Der Betreibervertrag: Kernkriterium bei Investitionen in Hotelimmobilien

Hotelimmobilien sind durch eine gewisse Heterogenität geprägt, was nicht nur an der Unterschiedlichkeit der Hotelstandorte, Zimmerzahlen oder Ausstattungen liegt. Vielfältig sind vor allem die Gestaltungsmöglichkeiten, mit denen Immobilieneigentümer und Hotelbetreiber ihre Zusammenarbeit regeln können.
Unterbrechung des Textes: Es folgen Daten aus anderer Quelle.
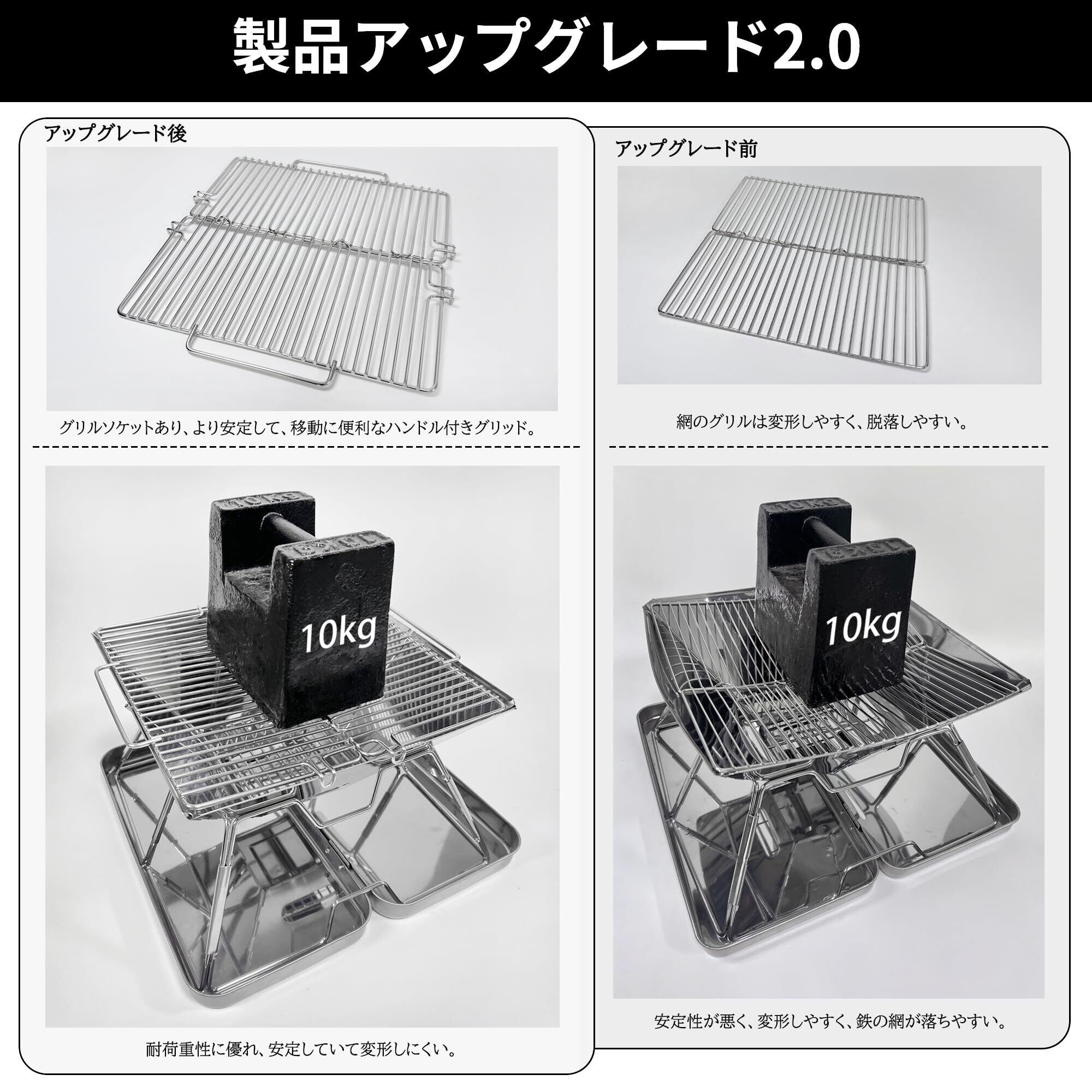 【機能向上】1.バーベキュー網を厚くして、使用中のバーベキュー網の崩れを防ぎ、耐荷重を増やす、2.バーベキュー網にスナップを付けて、使用中のバーベキュー網の滑りを防ぐ、3.バーベキュー網に一組の取っ手を付けて、使用中の移動を容易にする

Daher hat der Betreibervertrag bei einer Investition in Hotelimmobilien eine besondere Bedeutung: Er entscheidet über die Risikoverteilung zwischen Immobilieneigentümer und Hotelbetreiber.

Der Betreibervertrag eines Hotels ist entscheidend für die grundsätzliche Art der Investition in die Immobilie. In Deutschland sind es nach wie vor im Wesentlichen zwei Vertragsformen, die für Betreiberverträge gewählt werden: der Pachtvertrag oder der Managementvertrag.

Pachtvertrag: Passiv investieren
Der Pachtvertrag steht für das passive Investment in eine Hotelimmobilie. Der Pächter der Hotelimmobilie erzielt dabei Erträge aus dem Hotelbetrieb, insbesondere aus seiner Aktivität als Untervermieter der Hotelzimmer sowie sonstiger Einrichtungen und als Erbringer sonstiger Hoteldienstleistungen. Einen nachhaltigen Investitionserfolg darf der Immobilieninvestor allerdings nur erwarten, wenn der Pachtzins marktüblich ist und bleibt. Der Analyse der marktüblichen Pacht bzw. etwaiger Overrented- oder Underrented-Vertragssituationen kommt insofern eine besondere Bedeutung zu.

Managementvertrag: Aktiv bewirtschaften
Der Managementvertrag dagegen steht für ein aktives Investment: Nicht nur die Immobilie ist aktiv zu bewirtschaften. Vor allem geht es bei der Investition um den operativen Betrieb des Hotels mit allen Chancen und Risiken. Die Managementgesellschaft ist lediglich "Betriebsführer" für den Eigentümer der Immobilie. Der Manager erhält in der Regel eine umsatz- und/oder gewinnabhängige Vergütung und trägt kaum wirtschaftliche Risiken, da üblicherweise bis auf wenige Mitglieder der Führungsriege das gesamte Personal vom Eigentümer der Hotelimmobilie angestellt wird.

Hybride Verträge im Kommen
Zwischen Pachtverträgen mit fester Pachthöhe und Managementverträgen mit unmittelbarer Erfolgsabhängigkeit besteht eine Vielzahl an Gestaltungsmöglichkeiten. In der Praxis gewinnen diese zum Teil als "hybride Verträge" bezeichneten Mischformen immer mehr an Bedeutung. Verbreitet sind auch Stufenmodelle, bei denen zwischen Immobilieneigentümer und einer Betreibergesellschaft ein Pachtvertrag abgeschlossen wird, während die Betreibergesellschaft einen Managementvertrag mit einem Markenunternehmen unterhält.